There is usually no need to use RAID storage for DataNode data, because data is designed to be replicated across multiple servers, rather than multiple disks on the same server.
An ideal configuration is for a server to have a DataNode, a TaskTracker, and then physical disks one TaskTracker slot per CPU. This will allow every TaskTracker 100% of a CPU, and separate disks to read and write data.
Avoid using NFS for data storage in production system.
Node Manager: The NM is YARN’s per-node agent, and takes care of the individual compute nodes in a Hadoop cluster. This includes keeping up-to-date with Resource Manager(RM), overseeing containers’ life-cycle management, monitoring resource usage (memory, CPU) of individual containers, tracking node-health, log’s management and auxiliary services which may be exploited by different YARN applications.
Resource Manager: RM is the master that arbitrates all the available cluster resources and thus helps manage the distributed applications running on the YARN system.
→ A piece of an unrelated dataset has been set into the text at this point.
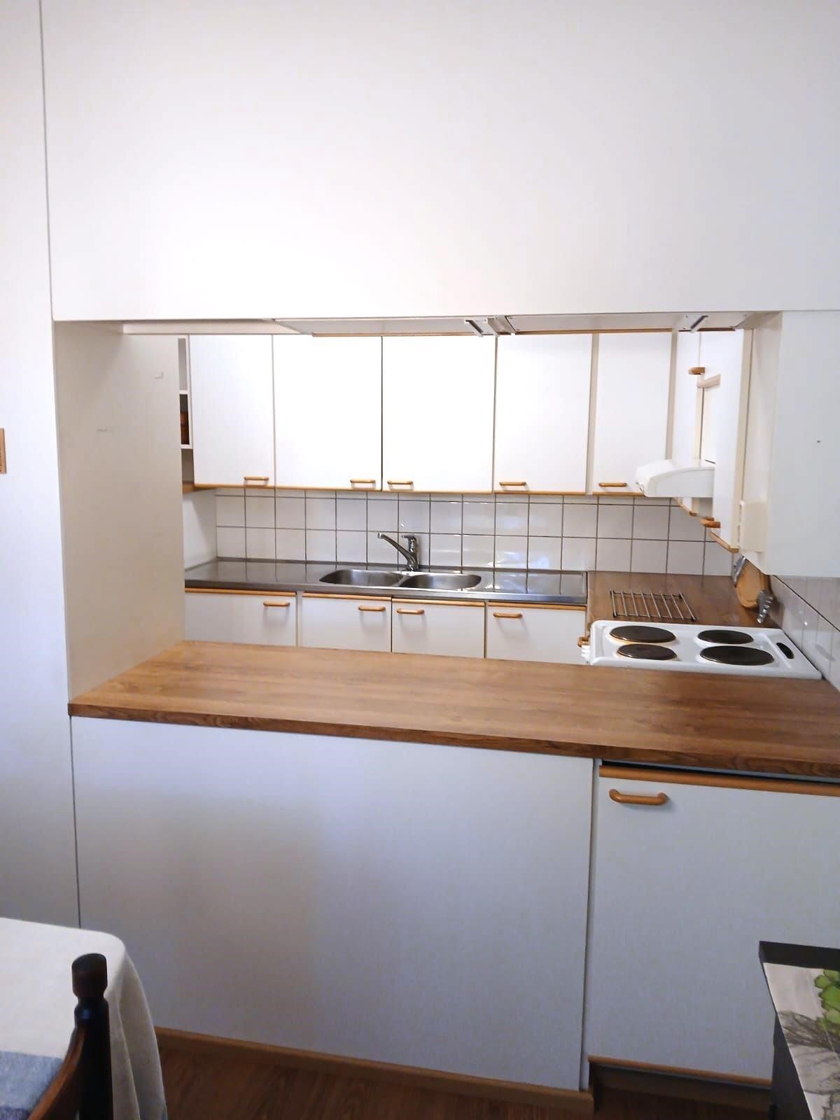 - Jääkaappipakastin, sähköliesi, liesituuletin, astianpesukone, kaapistot, kiinteät valaisimet.

It works together with the per-node NMs and the per-application ApplicationMasters (Ams).
Application Masters: are responsible for negotiating resources with the ResourceManager and for working with the Node Managers to start the containers.
Open Database Connectivity (ODBC) is a standard application programming interface (API) for accessing database management systems (DBMS).
HBase is an open source, non-relational, distributed database modeled after Google's BigTable and written in Java.
Hive Hadoop Component is used for completely structured Data whereas Pig Hadoop Component is used for semi structured data. Hive Hadoop Component is mainly used for creating reports whereas Pig Hadoop Component is mainly used for programming.
Ambari: A completely open source management platform for provisioning, managing, monitoring and securing Apache Hadoop clusters.